#### The problem
Which lines below fall between the one containing "This couple is" and the one containing "Field Knife (CruWear)"? Repeat them exactly, counting both of those lines, and add nothing else.

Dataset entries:
================

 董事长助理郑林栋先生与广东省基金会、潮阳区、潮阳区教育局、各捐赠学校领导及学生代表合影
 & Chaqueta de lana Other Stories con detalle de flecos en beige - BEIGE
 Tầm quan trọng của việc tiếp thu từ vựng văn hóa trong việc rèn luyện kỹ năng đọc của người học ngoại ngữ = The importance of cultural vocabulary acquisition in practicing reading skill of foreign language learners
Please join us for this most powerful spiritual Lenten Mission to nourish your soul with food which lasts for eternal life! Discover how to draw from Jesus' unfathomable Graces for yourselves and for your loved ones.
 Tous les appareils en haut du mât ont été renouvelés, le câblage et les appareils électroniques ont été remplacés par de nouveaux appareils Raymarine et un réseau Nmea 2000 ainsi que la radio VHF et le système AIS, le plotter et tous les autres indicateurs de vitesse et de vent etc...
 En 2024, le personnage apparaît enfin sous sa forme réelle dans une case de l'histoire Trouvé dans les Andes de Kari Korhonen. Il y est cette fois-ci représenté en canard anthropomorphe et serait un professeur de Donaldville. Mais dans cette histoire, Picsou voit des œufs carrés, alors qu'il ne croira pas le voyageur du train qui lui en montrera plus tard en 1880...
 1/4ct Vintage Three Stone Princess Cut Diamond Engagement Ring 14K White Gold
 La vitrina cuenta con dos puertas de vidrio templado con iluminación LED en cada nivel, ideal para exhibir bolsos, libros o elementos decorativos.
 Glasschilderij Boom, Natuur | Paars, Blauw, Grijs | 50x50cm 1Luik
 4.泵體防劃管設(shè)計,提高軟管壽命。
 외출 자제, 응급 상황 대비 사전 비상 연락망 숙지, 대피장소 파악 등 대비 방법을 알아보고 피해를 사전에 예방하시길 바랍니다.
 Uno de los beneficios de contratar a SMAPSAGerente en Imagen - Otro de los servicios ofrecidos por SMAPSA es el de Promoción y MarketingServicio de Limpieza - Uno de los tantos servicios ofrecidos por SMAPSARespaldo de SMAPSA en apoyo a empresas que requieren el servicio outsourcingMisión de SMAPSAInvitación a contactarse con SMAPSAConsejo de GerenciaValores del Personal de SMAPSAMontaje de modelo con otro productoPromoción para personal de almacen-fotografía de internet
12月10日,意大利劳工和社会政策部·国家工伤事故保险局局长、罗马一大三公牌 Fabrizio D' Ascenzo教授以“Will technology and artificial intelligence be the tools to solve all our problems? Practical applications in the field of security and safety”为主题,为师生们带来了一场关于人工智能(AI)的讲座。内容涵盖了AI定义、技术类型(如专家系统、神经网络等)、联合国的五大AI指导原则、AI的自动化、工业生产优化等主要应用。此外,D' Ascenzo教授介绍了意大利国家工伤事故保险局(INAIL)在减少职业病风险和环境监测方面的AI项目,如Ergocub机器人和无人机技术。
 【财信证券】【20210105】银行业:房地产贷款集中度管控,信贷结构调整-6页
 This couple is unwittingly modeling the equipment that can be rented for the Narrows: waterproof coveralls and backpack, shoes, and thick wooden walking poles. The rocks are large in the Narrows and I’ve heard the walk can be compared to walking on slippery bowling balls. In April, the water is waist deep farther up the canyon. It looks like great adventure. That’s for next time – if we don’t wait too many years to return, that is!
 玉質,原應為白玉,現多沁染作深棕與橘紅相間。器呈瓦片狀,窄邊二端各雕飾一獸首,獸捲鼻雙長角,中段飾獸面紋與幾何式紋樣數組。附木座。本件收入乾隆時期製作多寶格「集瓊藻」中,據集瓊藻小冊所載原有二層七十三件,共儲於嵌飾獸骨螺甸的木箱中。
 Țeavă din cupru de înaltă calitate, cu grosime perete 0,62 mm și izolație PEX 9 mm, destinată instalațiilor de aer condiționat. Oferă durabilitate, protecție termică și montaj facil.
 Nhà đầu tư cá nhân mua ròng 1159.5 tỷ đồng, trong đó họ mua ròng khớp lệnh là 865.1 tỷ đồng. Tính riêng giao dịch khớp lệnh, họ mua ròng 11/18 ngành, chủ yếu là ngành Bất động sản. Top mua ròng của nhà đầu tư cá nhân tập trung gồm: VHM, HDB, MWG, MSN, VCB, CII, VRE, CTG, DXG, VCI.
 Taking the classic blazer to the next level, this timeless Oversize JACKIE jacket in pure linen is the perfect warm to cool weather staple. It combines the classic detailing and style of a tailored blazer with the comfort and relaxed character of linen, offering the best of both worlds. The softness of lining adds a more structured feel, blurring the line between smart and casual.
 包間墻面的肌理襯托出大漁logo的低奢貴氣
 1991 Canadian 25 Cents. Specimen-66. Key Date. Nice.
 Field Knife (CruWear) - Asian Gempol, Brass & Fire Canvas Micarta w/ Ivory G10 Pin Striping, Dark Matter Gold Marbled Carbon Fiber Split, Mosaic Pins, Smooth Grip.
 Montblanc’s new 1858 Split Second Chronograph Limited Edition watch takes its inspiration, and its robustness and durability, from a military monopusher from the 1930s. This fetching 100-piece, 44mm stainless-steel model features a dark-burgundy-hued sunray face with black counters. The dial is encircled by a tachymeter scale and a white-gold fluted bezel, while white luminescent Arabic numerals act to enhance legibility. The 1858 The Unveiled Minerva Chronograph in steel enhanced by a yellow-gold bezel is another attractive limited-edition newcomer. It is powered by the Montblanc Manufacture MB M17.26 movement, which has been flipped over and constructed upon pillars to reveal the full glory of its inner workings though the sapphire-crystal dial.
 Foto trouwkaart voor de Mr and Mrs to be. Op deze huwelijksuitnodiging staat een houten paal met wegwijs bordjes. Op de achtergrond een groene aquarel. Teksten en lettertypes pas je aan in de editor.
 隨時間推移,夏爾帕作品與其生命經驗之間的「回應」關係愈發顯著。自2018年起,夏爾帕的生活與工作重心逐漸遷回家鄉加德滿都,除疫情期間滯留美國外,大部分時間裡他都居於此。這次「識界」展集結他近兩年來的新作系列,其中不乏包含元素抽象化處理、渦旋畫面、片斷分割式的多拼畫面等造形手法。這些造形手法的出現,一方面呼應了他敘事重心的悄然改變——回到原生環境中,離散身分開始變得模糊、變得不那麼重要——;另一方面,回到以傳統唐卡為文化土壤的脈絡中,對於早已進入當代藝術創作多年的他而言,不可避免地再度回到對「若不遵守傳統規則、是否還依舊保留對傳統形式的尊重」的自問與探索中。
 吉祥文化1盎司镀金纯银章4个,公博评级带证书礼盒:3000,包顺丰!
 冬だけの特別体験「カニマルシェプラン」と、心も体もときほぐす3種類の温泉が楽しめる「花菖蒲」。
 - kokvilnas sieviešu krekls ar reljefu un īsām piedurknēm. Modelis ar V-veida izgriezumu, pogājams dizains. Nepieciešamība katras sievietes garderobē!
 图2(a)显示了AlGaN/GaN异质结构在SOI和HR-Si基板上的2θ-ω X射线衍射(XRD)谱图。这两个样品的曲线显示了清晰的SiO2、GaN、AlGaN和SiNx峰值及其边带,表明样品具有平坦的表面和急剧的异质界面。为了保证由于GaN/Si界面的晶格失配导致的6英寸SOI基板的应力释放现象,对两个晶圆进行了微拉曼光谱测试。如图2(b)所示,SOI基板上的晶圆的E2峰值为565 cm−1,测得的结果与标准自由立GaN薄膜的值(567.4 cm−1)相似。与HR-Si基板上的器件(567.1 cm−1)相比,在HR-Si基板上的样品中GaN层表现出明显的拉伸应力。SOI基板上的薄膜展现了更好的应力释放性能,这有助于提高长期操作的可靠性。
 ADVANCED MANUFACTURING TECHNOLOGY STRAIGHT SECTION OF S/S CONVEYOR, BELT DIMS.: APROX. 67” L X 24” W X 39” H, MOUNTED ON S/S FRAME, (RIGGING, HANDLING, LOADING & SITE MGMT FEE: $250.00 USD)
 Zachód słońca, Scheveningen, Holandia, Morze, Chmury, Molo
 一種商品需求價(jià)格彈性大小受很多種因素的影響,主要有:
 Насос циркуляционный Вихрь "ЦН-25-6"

================

#### Result of this exercise
 This couple is unwittingly modeling the equipment that can be rented for the Narrows: waterproof coveralls and backpack, shoes, and thick wooden walking poles. The rocks are large in the Narrows and I’ve heard the walk can be compared to walking on slippery bowling balls. In April, the water is waist deep farther up the canyon. It looks like great adventure. That’s for next time – if we don’t wait too many years to return, that is!
 玉質,原應為白玉,現多沁染作深棕與橘紅相間。器呈瓦片狀,窄邊二端各雕飾一獸首,獸捲鼻雙長角,中段飾獸面紋與幾何式紋樣數組。附木座。本件收入乾隆時期製作多寶格「集瓊藻」中,據集瓊藻小冊所載原有二層七十三件,共儲於嵌飾獸骨螺甸的木箱中。
 Țeavă din cupru de înaltă calitate, cu grosime perete 0,62 mm și izolație PEX 9 mm, destinată instalațiilor de aer condiționat. Oferă durabilitate, protecție termică și montaj facil.
 Nhà đầu tư cá nhân mua ròng 1159.5 tỷ đồng, trong đó họ mua ròng khớp lệnh là 865.1 tỷ đồng. Tính riêng giao dịch khớp lệnh, họ mua ròng 11/18 ngành, chủ yếu là ngành Bất động sản. Top mua ròng của nhà đầu tư cá nhân tập trung gồm: VHM, HDB, MWG, MSN, VCB, CII, VRE, CTG, DXG, VCI.
 Taking the classic blazer to the next level, this timeless Oversize JACKIE jacket in pure linen is the perfect warm to cool weather staple. It combines the classic detailing and style of a tailored blazer with the comfort and relaxed character of linen, offering the best of both worlds. The softness of lining adds a more structured feel, blurring the line between smart and casual.
 包間墻面的肌理襯托出大漁logo的低奢貴氣
 1991 Canadian 25 Cents. Specimen-66. Key Date. Nice.
 Field Knife (CruWear) - Asian Gempol, Brass & Fire Canvas Micarta w/ Ivory G10 Pin Striping, Dark Matter Gold Marbled Carbon Fiber Split, Mosaic Pins, Smooth Grip.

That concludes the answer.